▶ [Task]
Word for word, restate the lines of the data below between those holding "Intuitive easy to" and "Fig. 2. Examples", inclusive; pictures do not belong in the copy.

▶ [Materials provided]
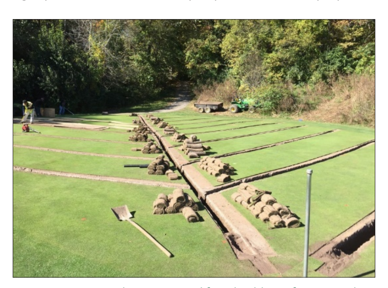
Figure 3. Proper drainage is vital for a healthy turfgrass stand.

--

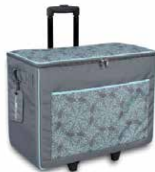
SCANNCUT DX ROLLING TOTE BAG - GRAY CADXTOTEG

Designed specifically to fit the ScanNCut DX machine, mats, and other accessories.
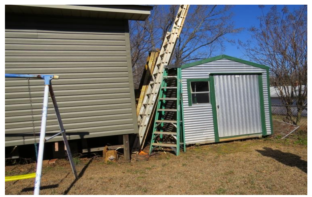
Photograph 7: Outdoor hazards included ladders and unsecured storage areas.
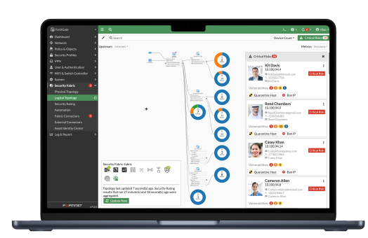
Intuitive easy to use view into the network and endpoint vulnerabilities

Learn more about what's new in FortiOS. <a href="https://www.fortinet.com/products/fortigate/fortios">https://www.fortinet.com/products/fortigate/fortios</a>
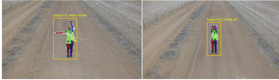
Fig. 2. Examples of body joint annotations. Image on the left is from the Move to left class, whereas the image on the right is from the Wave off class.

▶ [Finished task]
Intuitive easy to use view into the network and endpoint vulnerabilities

Learn more about what's new in FortiOS. <a href="https://www.fortinet.com/products/fortigate/fortios">https://www.fortinet.com/products/fortigate/fortios</a>
Fig. 2. Examples of body joint annotations. Image on the left is from the Move to left class, whereas the image on the right is from the Wave off class.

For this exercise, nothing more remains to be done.